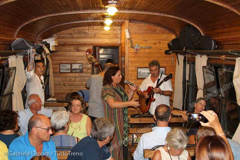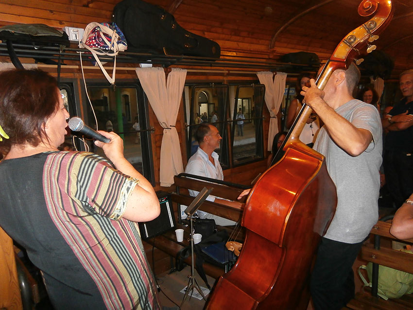 “Il treno chiamato jazz” sibilava quasi in segno di allegria e i bambini tripudiavano. Dario De Simone, dell’Aisaf di Bari, psicopompo dell’iniziativa, era frastornato, sballottato tra il cronista ansioso di sapere mille particolari e l’operatore di Telenorba che lo riprendeva di faccia, di profilo, nascosto dal contrabbasso che il suonatore faceva fatica a salvare dalla ressa.
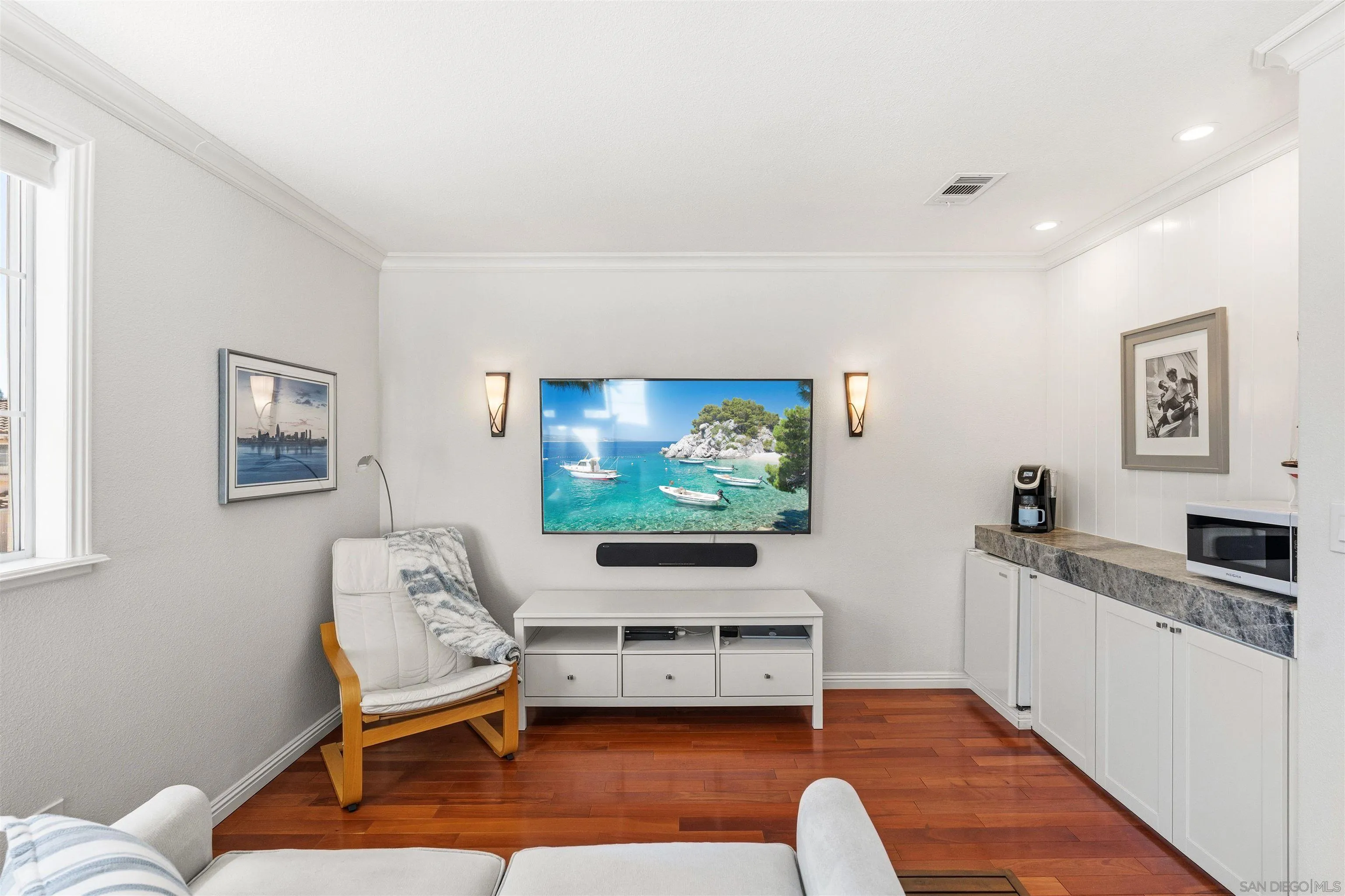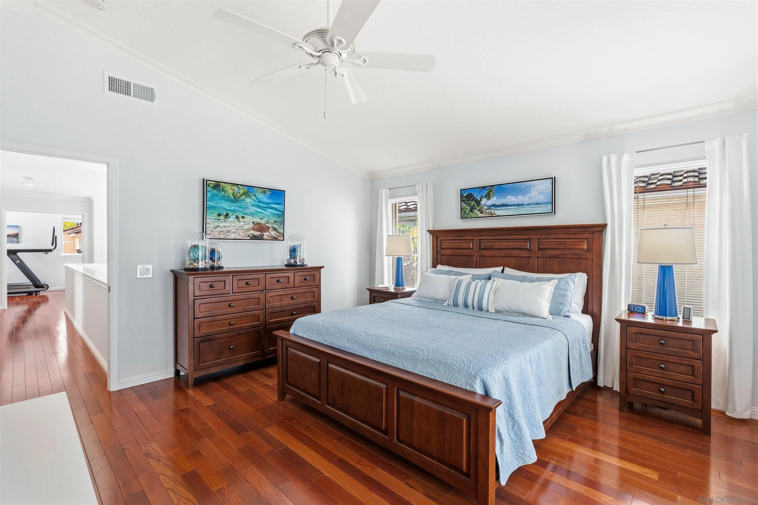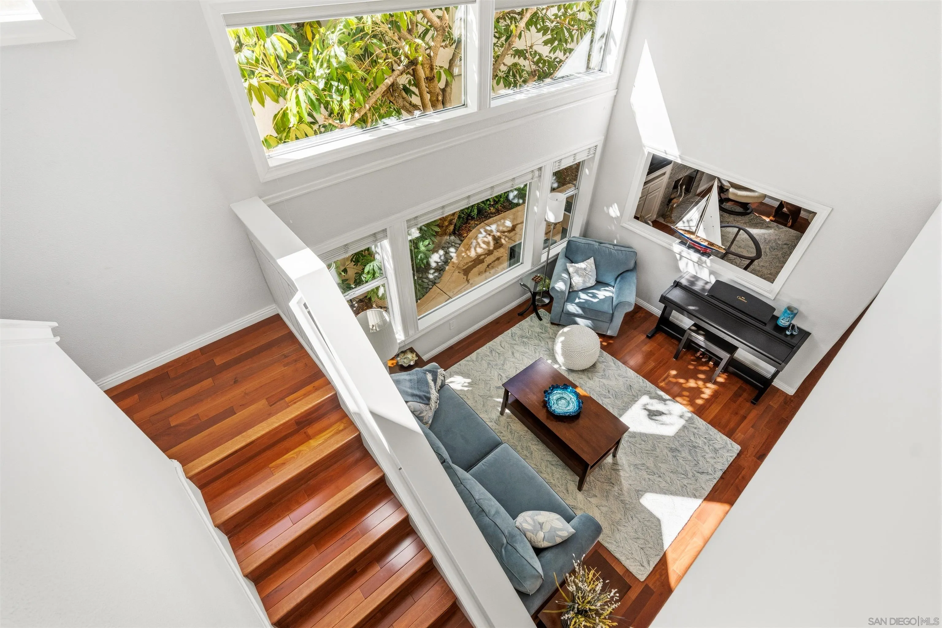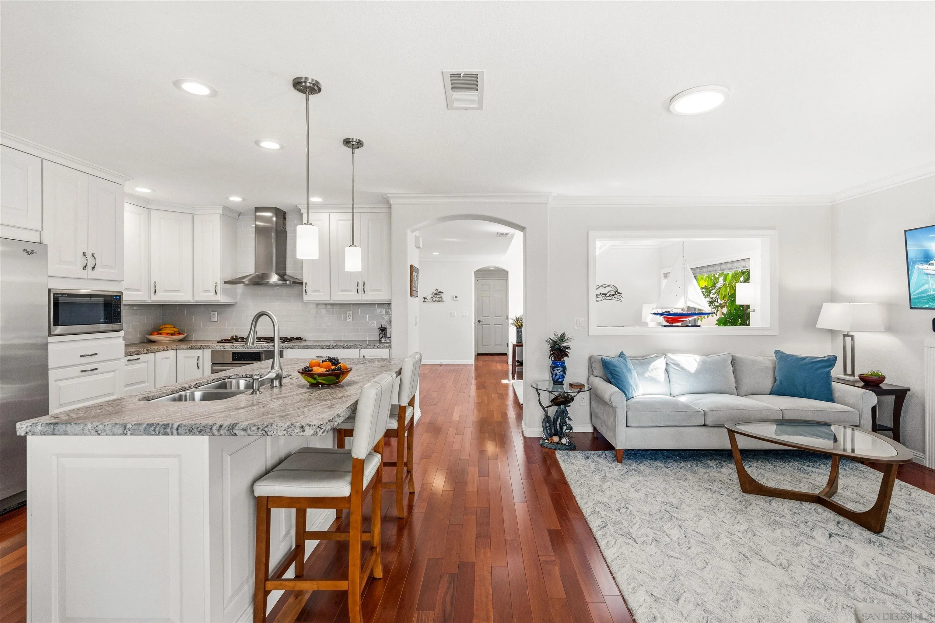 Seller will entertain offers between $1,375,000-$1,425,000. Beautifully renovated Scripps Ranch home backing to a peaceful greenbelt, offering approximately 1,903 sq ft with 3 bedrooms and 2.5 baths. Located in the desirable Huntington community with pool, spa, and ample guest parking, this thoughtfully updated residence also includes a versatile third bedroom above the garage that works perfectly as a guest room, office, or bonus space... Warm and inviting interiors showcase Bolivian Rosewood hardwood floors throughout, crown molding, and new recessed lighting. The remodeled kitchen features new cabinetry, leathered granite countertops, classic subway tile backsplash, and newer appliances, opening comfortably to the main living areas for easy everyday living and entertaining. Anchoring the family room is a granite-faced gas fireplace that can convert to wood burning with a gas starter, adding warmth and character. Upstairs, the main suite offers a relaxing retreat with a private balcony ideal for enjoying beautiful sunset views, along with a walk-in closet with built-ins and a remodeled bath featuring a spa tub. An updated hall bath includes dual sinks, tile flooring, and charming clapboard detailing.
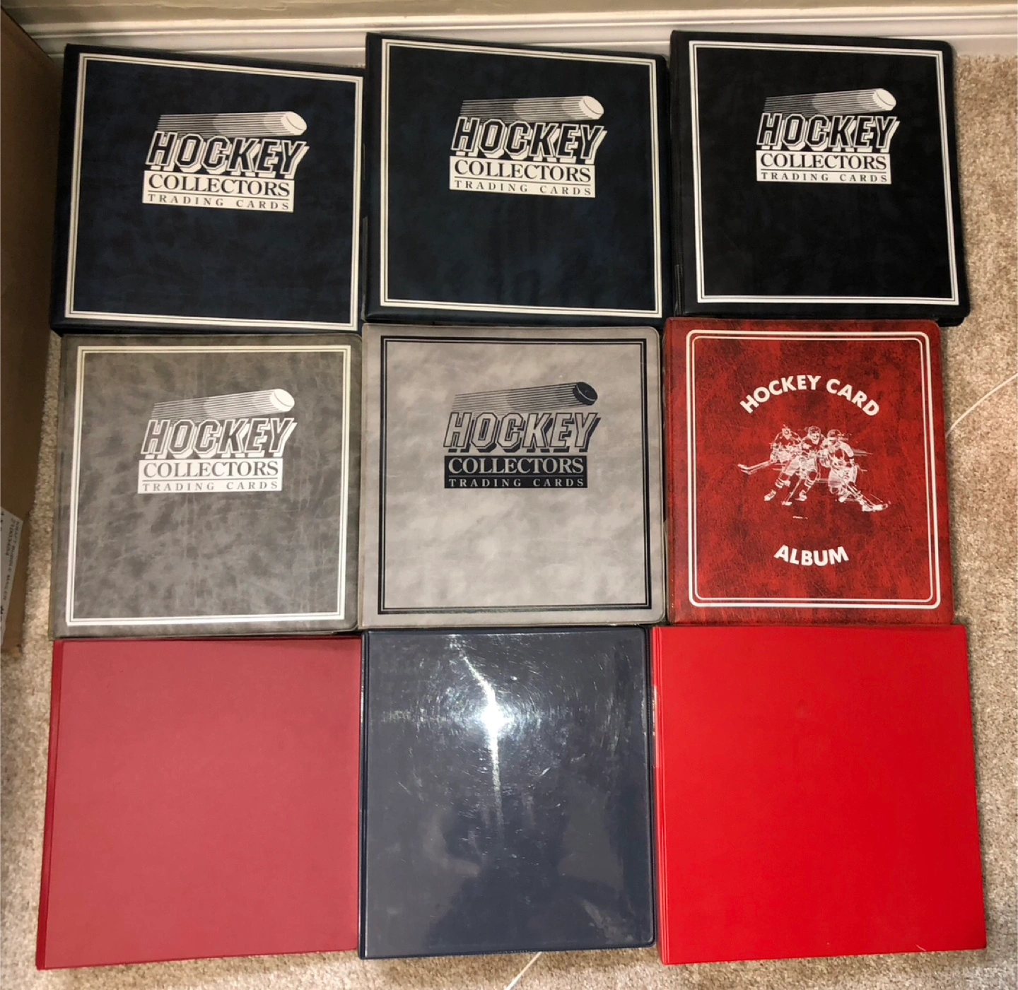 Assortment of binders for collecting and displaying your hockey cards. Some binders have the Hockey Collectors logo. Organizing your collection will be very satisfying.

# TASK PROMPT
Could you repeat all of the material exactly? Pictures should not be copied.

# RESULT FOR THIS EXERCISE
 “Il treno chiamato jazz” sibilava quasi in segno di allegria e i bambini tripudiavano. Dario De Simone, dell’Aisaf di Bari, psicopompo dell’iniziativa, era frastornato, sballottato tra il cronista ansioso di sapere mille particolari e l’operatore di Telenorba che lo riprendeva di faccia, di profilo, nascosto dal contrabbasso che il suonatore faceva fatica a salvare dalla ressa.
 Seller will entertain offers between $1,375,000-$1,425,000. Beautifully renovated Scripps Ranch home backing to a peaceful greenbelt, offering approximately 1,903 sq ft with 3 bedrooms and 2.5 baths. Located in the desirable Huntington community with pool, spa, and ample guest parking, this thoughtfully updated residence also includes a versatile third bedroom above the garage that works perfectly as a guest room, office, or bonus space... Warm and inviting interiors showcase Bolivian Rosewood hardwood floors throughout, crown molding, and new recessed lighting. The remodeled kitchen features new cabinetry, leathered granite countertops, classic subway tile backsplash, and newer appliances, opening comfortably to the main living areas for easy everyday living and entertaining. Anchoring the family room is a granite-faced gas fireplace that can convert to wood burning with a gas starter, adding warmth and character. Upstairs, the main suite offers a relaxing retreat with a private balcony ideal for enjoying beautiful sunset views, along with a walk-in closet with built-ins and a remodeled bath featuring a spa tub. An updated hall bath includes dual sinks, tile flooring, and charming clapboard detailing.
 Assortment of binders for collecting and displaying your hockey cards. Some binders have the Hockey Collectors logo. Organizing your collection will be very satisfying.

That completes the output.